• Description of the task:
Return, unchanged and with no pictures, the lines below from the very first through the one that contains "SEKTION / MAXIMERA".

• Records for this task:
§ §
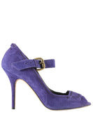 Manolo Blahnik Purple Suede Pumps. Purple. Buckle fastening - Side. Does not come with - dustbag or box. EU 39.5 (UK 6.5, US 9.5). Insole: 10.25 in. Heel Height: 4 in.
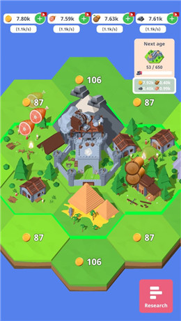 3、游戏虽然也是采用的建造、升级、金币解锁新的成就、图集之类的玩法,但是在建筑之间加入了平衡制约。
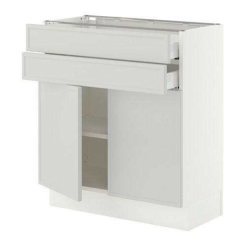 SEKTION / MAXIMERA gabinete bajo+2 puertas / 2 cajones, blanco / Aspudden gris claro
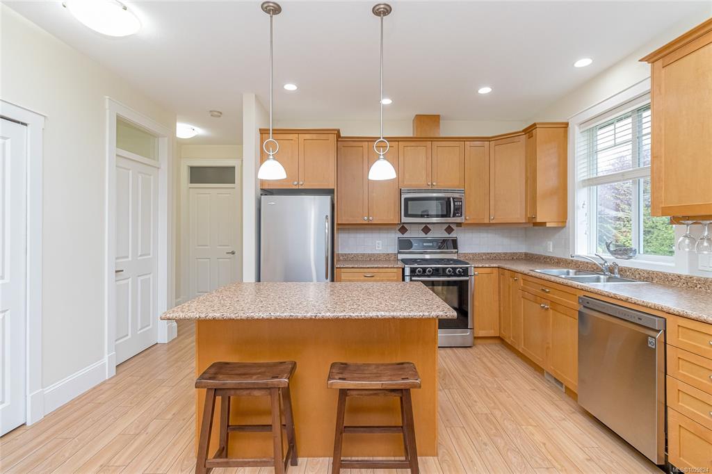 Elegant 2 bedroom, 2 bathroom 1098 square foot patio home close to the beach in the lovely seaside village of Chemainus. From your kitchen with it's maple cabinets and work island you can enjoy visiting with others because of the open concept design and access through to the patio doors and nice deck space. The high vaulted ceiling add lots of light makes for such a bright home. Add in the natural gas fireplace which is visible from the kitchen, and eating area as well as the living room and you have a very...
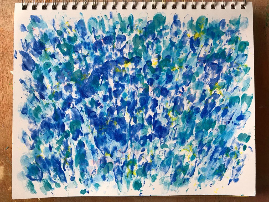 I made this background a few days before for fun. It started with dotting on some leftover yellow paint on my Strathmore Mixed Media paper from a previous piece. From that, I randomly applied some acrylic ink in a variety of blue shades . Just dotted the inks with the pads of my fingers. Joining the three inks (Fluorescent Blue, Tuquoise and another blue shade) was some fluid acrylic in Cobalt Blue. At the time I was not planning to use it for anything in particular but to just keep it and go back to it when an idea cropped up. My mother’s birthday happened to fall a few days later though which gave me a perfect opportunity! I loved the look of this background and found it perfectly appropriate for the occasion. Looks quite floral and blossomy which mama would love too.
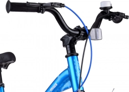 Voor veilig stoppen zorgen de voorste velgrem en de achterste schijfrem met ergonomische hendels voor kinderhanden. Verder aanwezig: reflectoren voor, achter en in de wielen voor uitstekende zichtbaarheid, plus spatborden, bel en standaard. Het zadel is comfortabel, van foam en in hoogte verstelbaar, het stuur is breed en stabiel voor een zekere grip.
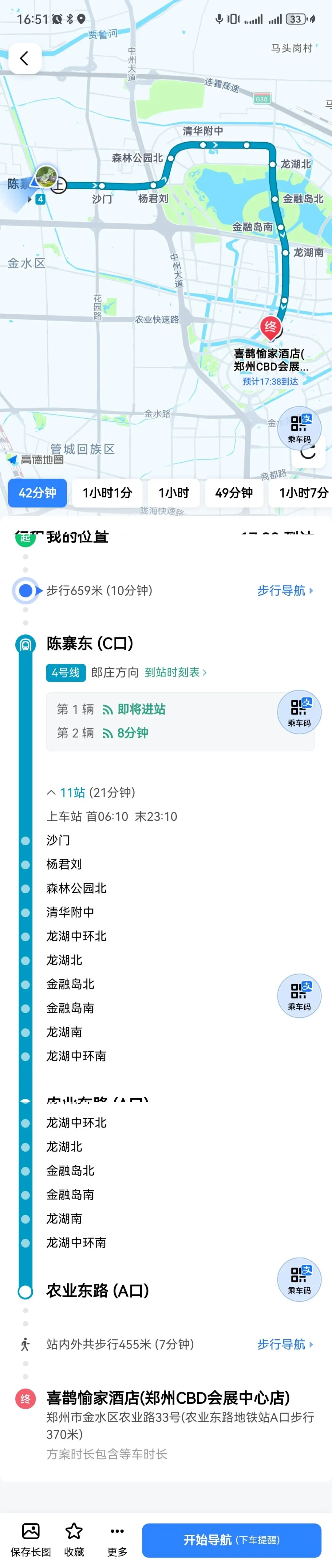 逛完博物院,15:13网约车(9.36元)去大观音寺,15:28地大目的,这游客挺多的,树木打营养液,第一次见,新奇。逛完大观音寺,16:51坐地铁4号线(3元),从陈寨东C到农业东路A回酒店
§ §
• Written answer:
 Manolo Blahnik Purple Suede Pumps. Purple. Buckle fastening - Side. Does not come with - dustbag or box. EU 39.5 (UK 6.5, US 9.5). Insole: 10.25 in. Heel Height: 4 in.
 3、游戏虽然也是采用的建造、升级、金币解锁新的成就、图集之类的玩法,但是在建筑之间加入了平衡制约。
 SEKTION / MAXIMERA gabinete bajo+2 puertas / 2 cajones, blanco / Aspudden gris claro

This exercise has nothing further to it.